# Band Promotion



## GuitarsCanada (Dec 30, 2005)

Get your plugs right here in the Band Lounge people. Web sites, mp3's etc.


----------



## Milkman (Feb 2, 2006)

*TOMMYKNOCKERS CD release Party*

After several weeks of trying to coordinate schedules, I have secured the time and place for our CD release bash.

The place: Alexanders Tavern, Brantford, Ontario
The Date: Saturday March 18

There will be an opening act, to be determined.
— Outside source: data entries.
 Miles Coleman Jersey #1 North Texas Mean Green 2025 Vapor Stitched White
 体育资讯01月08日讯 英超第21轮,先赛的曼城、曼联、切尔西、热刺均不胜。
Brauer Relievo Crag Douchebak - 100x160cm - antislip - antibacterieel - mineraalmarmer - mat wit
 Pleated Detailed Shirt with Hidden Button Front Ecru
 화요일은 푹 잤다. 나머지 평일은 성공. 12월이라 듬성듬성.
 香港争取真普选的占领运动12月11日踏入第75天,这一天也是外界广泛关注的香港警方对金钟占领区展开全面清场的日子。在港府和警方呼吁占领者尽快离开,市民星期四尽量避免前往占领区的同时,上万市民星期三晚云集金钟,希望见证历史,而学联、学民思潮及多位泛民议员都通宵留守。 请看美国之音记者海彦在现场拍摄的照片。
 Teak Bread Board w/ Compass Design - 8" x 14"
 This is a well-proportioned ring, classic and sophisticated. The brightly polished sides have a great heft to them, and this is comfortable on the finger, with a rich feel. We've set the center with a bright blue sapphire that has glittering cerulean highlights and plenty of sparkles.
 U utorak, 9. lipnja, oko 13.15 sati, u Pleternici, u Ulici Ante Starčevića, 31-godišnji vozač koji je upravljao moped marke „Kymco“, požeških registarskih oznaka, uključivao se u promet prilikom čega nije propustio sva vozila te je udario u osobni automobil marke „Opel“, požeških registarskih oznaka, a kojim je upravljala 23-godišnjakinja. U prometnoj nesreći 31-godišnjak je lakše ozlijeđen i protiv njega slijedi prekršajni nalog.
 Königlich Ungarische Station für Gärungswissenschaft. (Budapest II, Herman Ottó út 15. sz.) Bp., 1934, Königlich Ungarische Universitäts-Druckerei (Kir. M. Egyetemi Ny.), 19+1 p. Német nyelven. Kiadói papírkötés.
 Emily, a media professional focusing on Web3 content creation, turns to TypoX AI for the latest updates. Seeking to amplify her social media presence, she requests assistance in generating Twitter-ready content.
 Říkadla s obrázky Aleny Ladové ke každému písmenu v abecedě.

Anyone in the area is cordially invited to drop in and help us celebrate what for us, is a very special and long awaited evening.



Thank You,

Mike LaPointe
TOMMYKNOCKERS
www.tmkb.com


----------



## Marnacious (Dec 30, 2005)

Milkman said:


> After several weeks of trying to coordinate schedules, I have secured the time and place for our CD release bash.
> 
> The place: Alexanders Tavern, Brantford, Ontario
> The Date: Saturday March 18
> ...



Hope the evening goes well for you Milkman. When are we going to get to hear some of those tunes? evilGuitar:


----------



## CocoTone (Jan 22, 2006)

If your in the Cobourg area, my band the Fabulous Tonemasters are at Bub's Bar & Grill on the 25th. Or The Mill in Cobourg on the 30th. Also doing a jam in Oshawa on the 31st at The Down `Omer. 

CT.


----------



## Marnacious (Dec 30, 2005)

*Gigging*

Any gigs planned for the Niagara Region Coco?


----------



## CocoTone (Jan 22, 2006)

Well, I do all my own bookings. Haven`t found a reputable agent of any kind. I`m open to suggestions. We`re a pretty good band live, and all capable players. All work fulltime, and we`re in our fifties, with one member 24. 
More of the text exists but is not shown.